The X-Accel-Buffering: no header is non-negotiable if you’re behind Nginx. Without it, your entire stream buffers server-side and the user sees nothing until completion. Verify your reverse proxy config before shipping any streaming endpoint.

The complete working chatbot implementation — conversation memory, real-time token rendering, and a Livewire frontend — lives in Building a Claude Chatbot with Streaming in Laravel. This section is the architectural foundation for that one.

Pattern 3: Conversation State

Claude is stateless. Full stop. Conversation memory is always an application concern, never Claude’s.

For the full Eloquent-backed implementation — token-aware history pruning, message persistence, and a ClaudeService wired through the Service Container — see the guide on Laravel Claude chatbot conversation memory.

final class ConversationResponder
{
    public function __construct(
        private readonly ClaudeClient $claude
    ) {}

    public function respond(array $history, string $input): ClaudeResponse
    {
        return $this->claude->message([
            'messages' => [
                ...$history,
                ['role' => 'user', 'content' => $input],
            ],
            'max_tokens' => 600,
        ]);
    }
}

Where history comes from is a strategic choice: session storage for ephemeral chats, Eloquent for persistent conversations with audit trails, Redis for fast transient workflows. The client doesn’t care. Truncate aggressively — uncapped history is a token-cost time bomb.

[Production Pitfall] A system role message does not belong inside the messages array. The Anthropic API will return a 400. System instructions go in a top-level system key alongside messages. If you’re copying the multi-turn example from the original article, you have a bug.

Pattern 4: Background Processing

Document ingestion, batch analysis, email drafts — anything the user isn’t waiting on goes into a queue.

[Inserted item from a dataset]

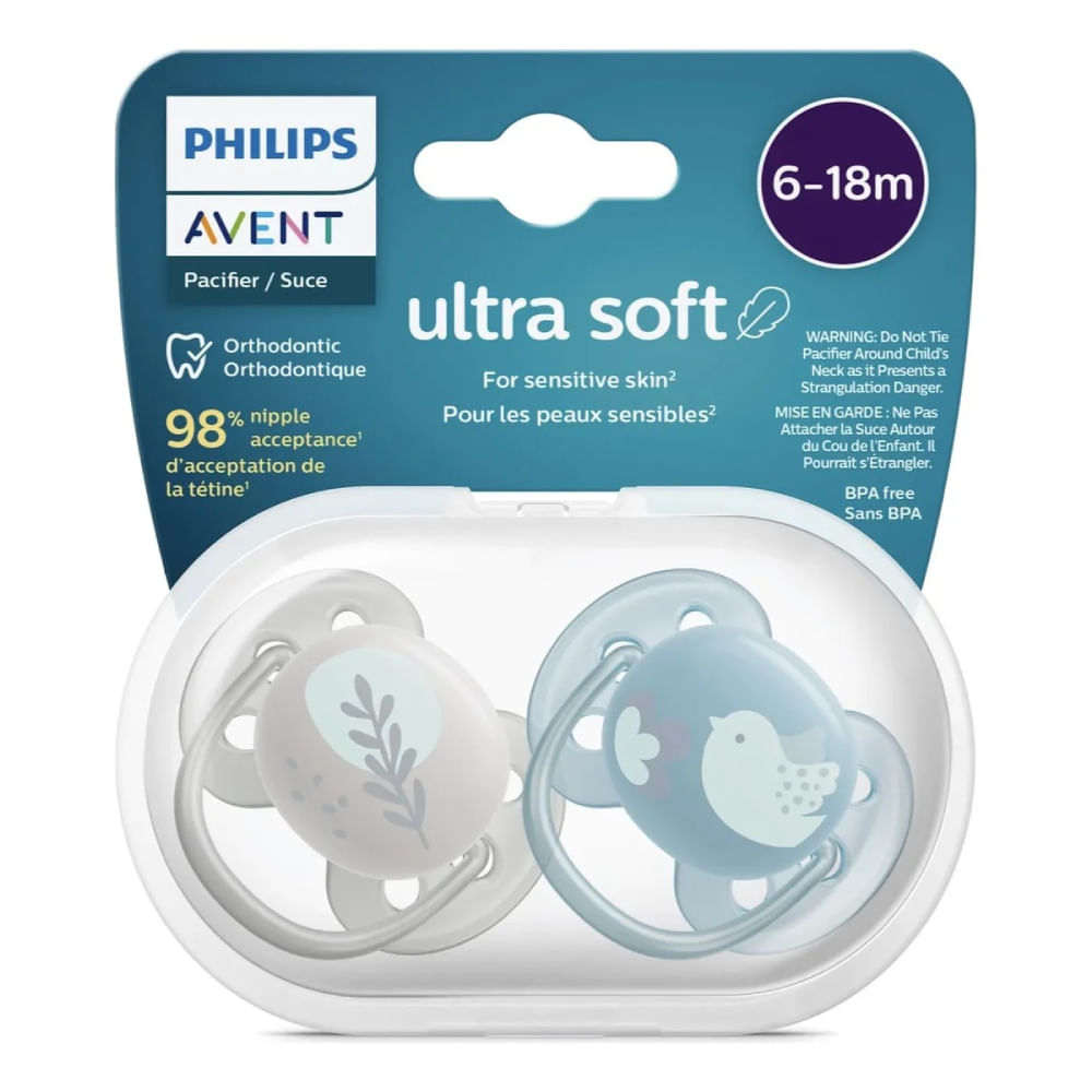 Chupón Avent 6-18 Meses Ultra Soft Pack 2 Unidades con Estuche Niño
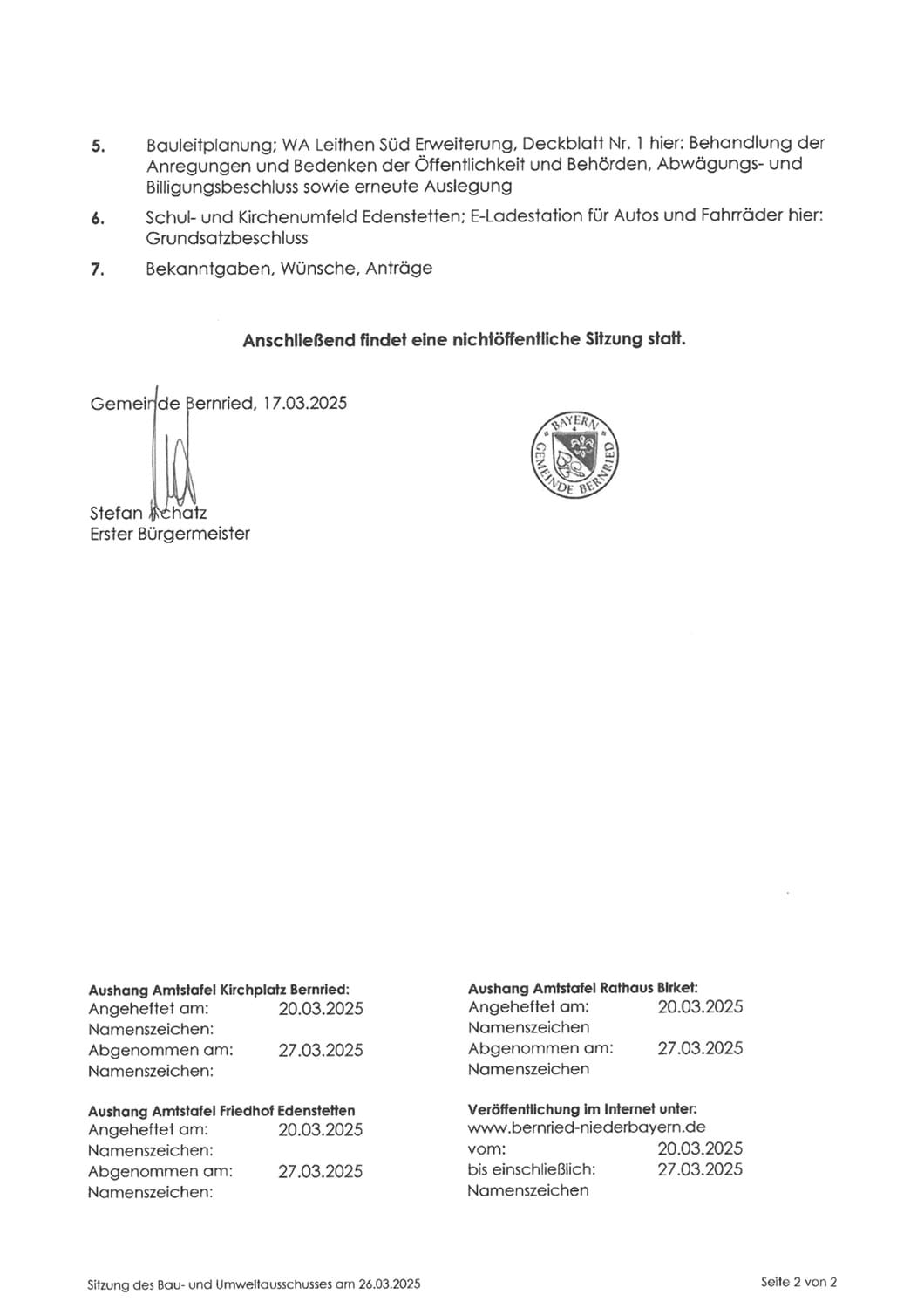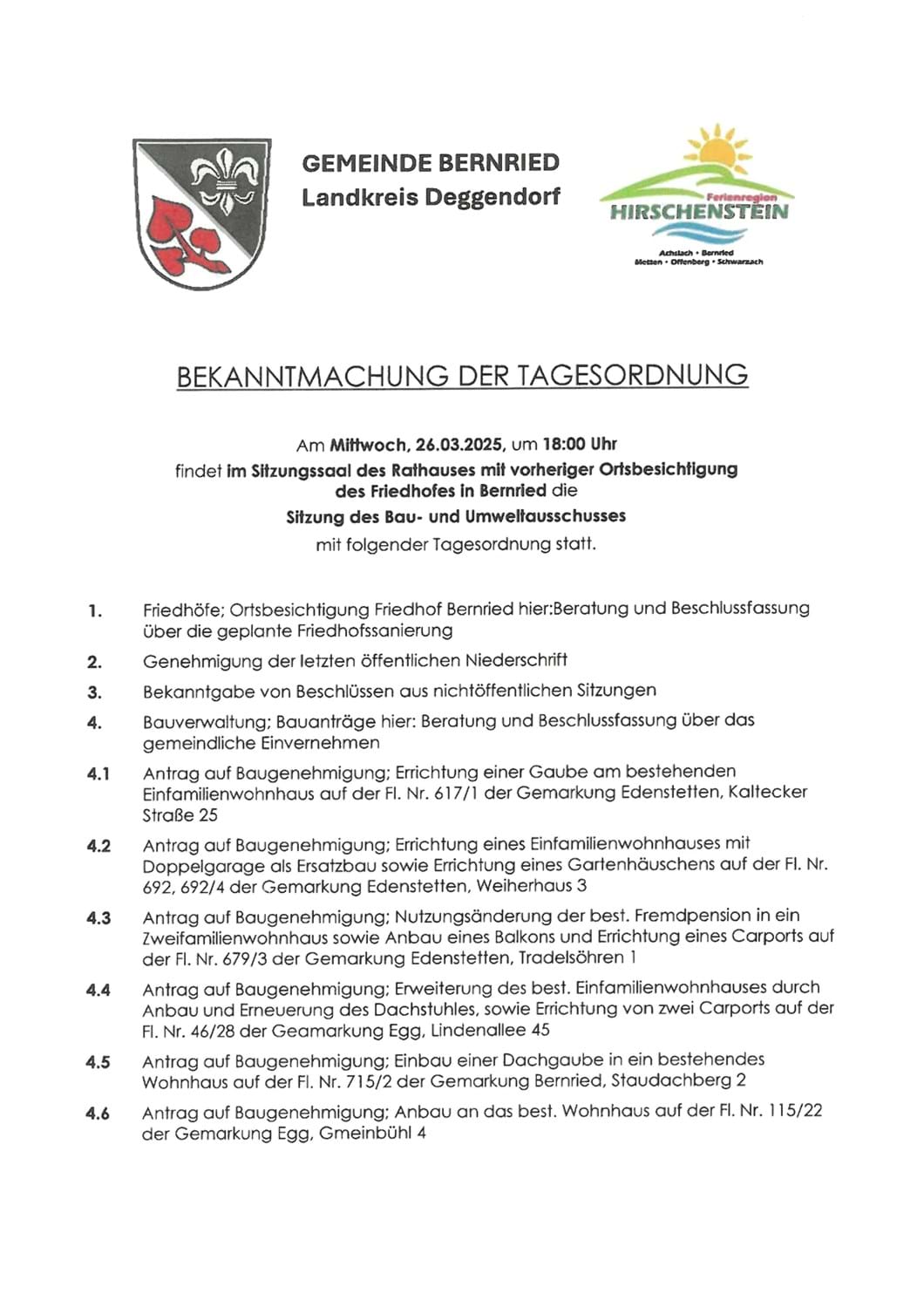 Meldung vom 20.03.2025 Bekanntmachung Bau- und Umweltausschusssitzung am Mittwoch, 26.03.2025

final class AnalyzeDocument implements ShouldQueue
{
    use Dispatchable, Queueable, InteractsWithQueue;

    public int $tries  = 3;
    public int $timeout = 120; // exceed worst-case Claude latency

    public function __construct(
        private readonly int $documentId
    ) {}

    public function handle(ClaudeClient $claude): void
    {
        $document = Document::findOrFail($this->documentId);

        $response = $claude->message([
            'system'   => 'Extract structured data in JSON format only.',
            'messages' => [
                ['role' => 'user', 'content' => "Extract from this document:\n\n{$document->content}"],
            ],
            'max_tokens' => 1000,
        ]);

        $document->update([
            'analysis'      => $response->text,
            'tokens_used'   => $response->totalTokens(),
        ]);
    }

    public function failed(\Throwable $exception): void
    {
        report($exception);
        Document::find($this->documentId)?->markAnalysisFailed();
    }
}

AI workers should run on an isolated queue with a worker --timeout that exceeds max_tokens worst-case latency. Sharing a queue with fast database jobs means one slow Claude request blocks everything behind it.

Token Accounting

Tokens are cost. If you don’t measure them at the service boundary, you’ll measure them on your invoice.

Logging Usage

Schema::create('ai_usage_logs', function (Blueprint $table) {
    $table->id();
    $table->string('feature');
    $table->string('model');
    $table->unsignedInteger('input_tokens');
    $table->unsignedInteger('output_tokens');
    $table->nullableMorphs('subject'); // link to user, document, etc.
    $table->timestamps();
});

Log at the service boundary, not in the controller:

AiUsageLog::create([
    'feature'       => 'article_summary',
    'model'         => $response->model,
    'input_tokens'  => $response->inputTokens,
    'output_tokens' => $response->outputTokens,
    'subject_type'  => User::class,
    'subject_id'    => auth()->id(),
]);

This gives you cost per feature, cost per user, and early warning when a prompt change sends token usage up 40% overnight.

Pre-flight Estimation

You can’t know output tokens ahead of time. Input tokens are deterministic:

final class TokenEstimator
{
    // ~4 chars per token is a reliable heuristic for English prose
    public static function estimateInput(string $text): int
    {
        return (int) ceil(mb_strlen($text) / 4);
    }
}

Gate expensive calls before they happen:

$estimated = TokenEstimator::estimateInput($document->content);

if ($estimated > 150_000) {
    throw new DomainException('Document exceeds single-request token budget. Chunk it first.');
}

The middleware layer that enforces per-user token budgets and throttle policies sits one level above this — Laravel AI Middleware: Token Tracking & Rate Limiting covers that full stack, and it pairs directly with the ClaudeResponse DTO we introduced above.

Document Q&A

A complete workflow: upload a document, pre-process it, support follow-up questions.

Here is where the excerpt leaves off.